# M=13 Theorem

This page proves the final theorem for the m=13 case of FUNC. Assuming all the previous lemmas (which at this time have not all been proven), we know that if $\mathcal{A}$ is not Frankl's, then the smallest nonempty set has size 6 (if it had a larger size, then the average set size would be more than 6.5, and it would be trivially Frankl's). We also know that no two of these size 6 sets intersect in 5 elements. Using this, we prove below that $\mathcal{A}$ is Frankl's (as long as m=13).

## Proof

Let one of the size 6 sets (they must exist) WLOG be 123456. This set cannot be the only size 6 set, because either there would only be that set, and the empty and full sets, and 1 is in 2 out of the three sets, or there are other sets, of size at least 7, which mean that the average set size is at least 6.5. Either way, $\mathcal{A}$ is Frankl's if there is only one size 6 set.

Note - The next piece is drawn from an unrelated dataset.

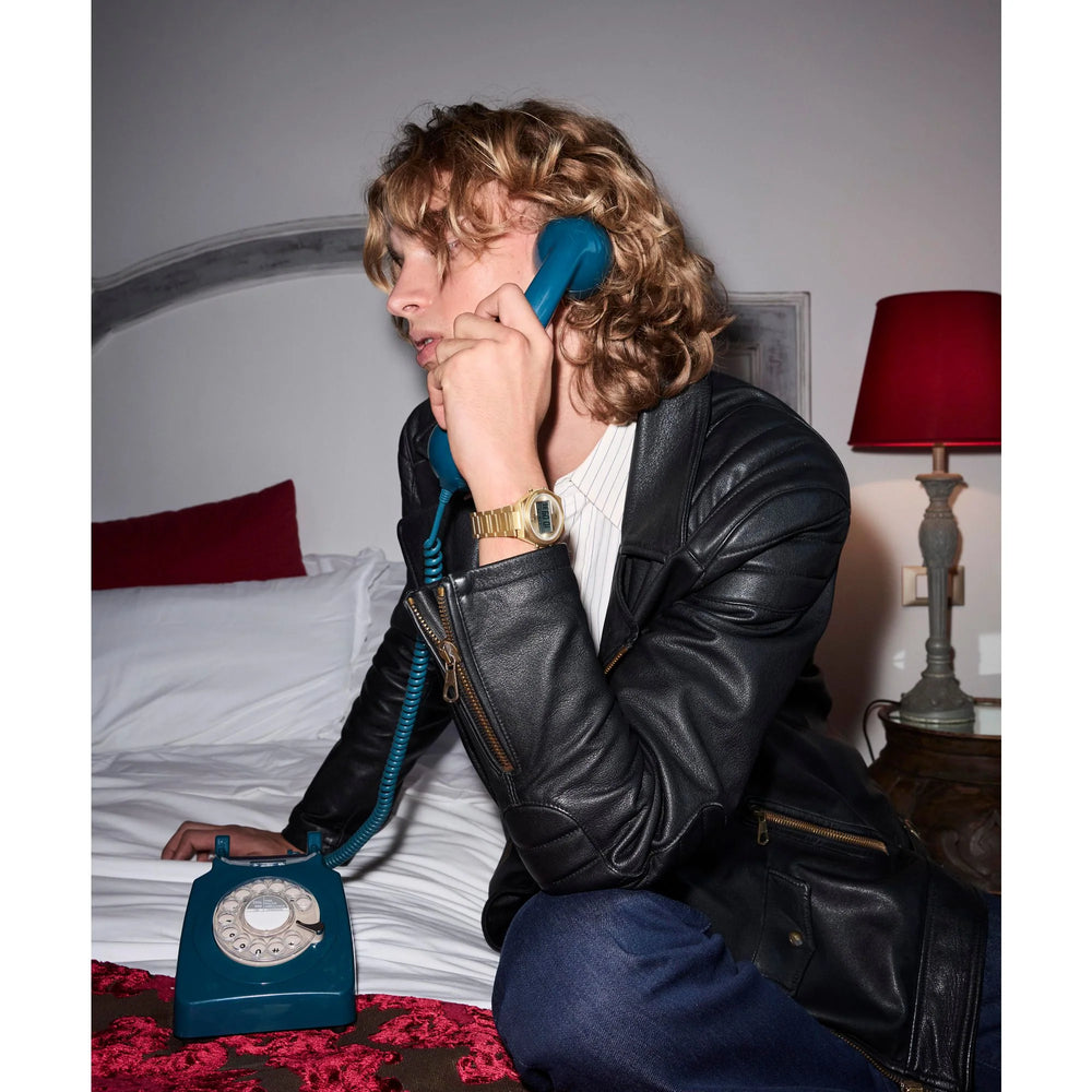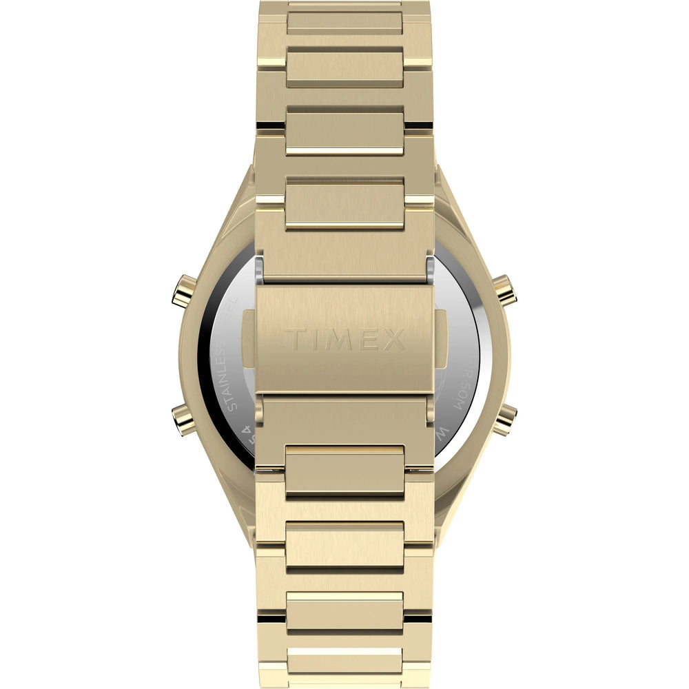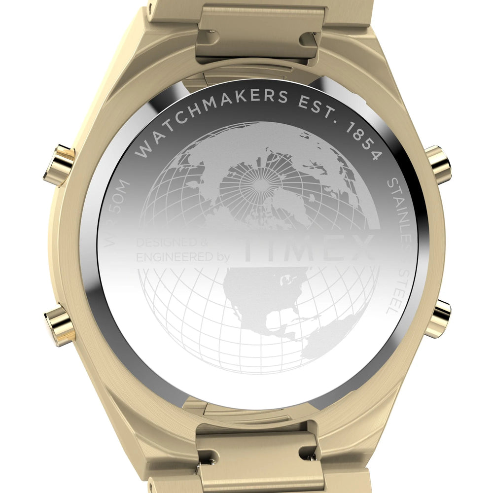 Channeling the bold designs and decadent glamour of West Hollywood, the Timex Q80 reimagines our Q Timex® with a sleek round case design and rectangular digital display encircled with sunburst brushing. Timelessly cool, it features the same reliable features as our iconic T80 as well as our INDIGLO® backlight for visibility on late nights. Crafted with a gold-tone or silver-tone 39mm brushed stainless-steel case with polished edges, it comes with a coordinating brushed stainless-steel bracelet that combines vintage charm with modern functionality.

However, all other size 6 sets are balanced out by their union with 123456, and if there are sets that are distinct in at least three elements, then that balances out 123456 as well, as seen below:

1234ab, 1256ab, 3456ab: 123456ab (the left three all have size 6, and the right has size 8, so it averages out to size 6.5) 123456, 123abc, 145abc, 246abc, 356abc: 123456abc (the left five all have size 6, and the right has size 9, so it averages out to size 6.5) 123456, 12abcd, 34abcd, 56abcd: 123456abcd 123456, 1abcde, 2abcde,...: 123456abcde 123456, abcdef: 123456abcdef

Thus, the only size 6 sets are those that intersect 123456 at exactly four elements. However, if they cause other unions, then that balances out 123456 too. Therefore, they must all be subsets of the same 8 element set. If there are any other sets, they would also balance out 123456, so these are the only sets in $\mathcal{A}$. So the sets are the empty and full sets, 123456, 123478, 125678, 345678 (WLOG). But 1 is in 4 of the 6 sets, so $\mathcal{A}$ is still Frankl's.

Thus, assuming the previous lemmas), if m=13, then $\mathcal{A}$ is Frankl's.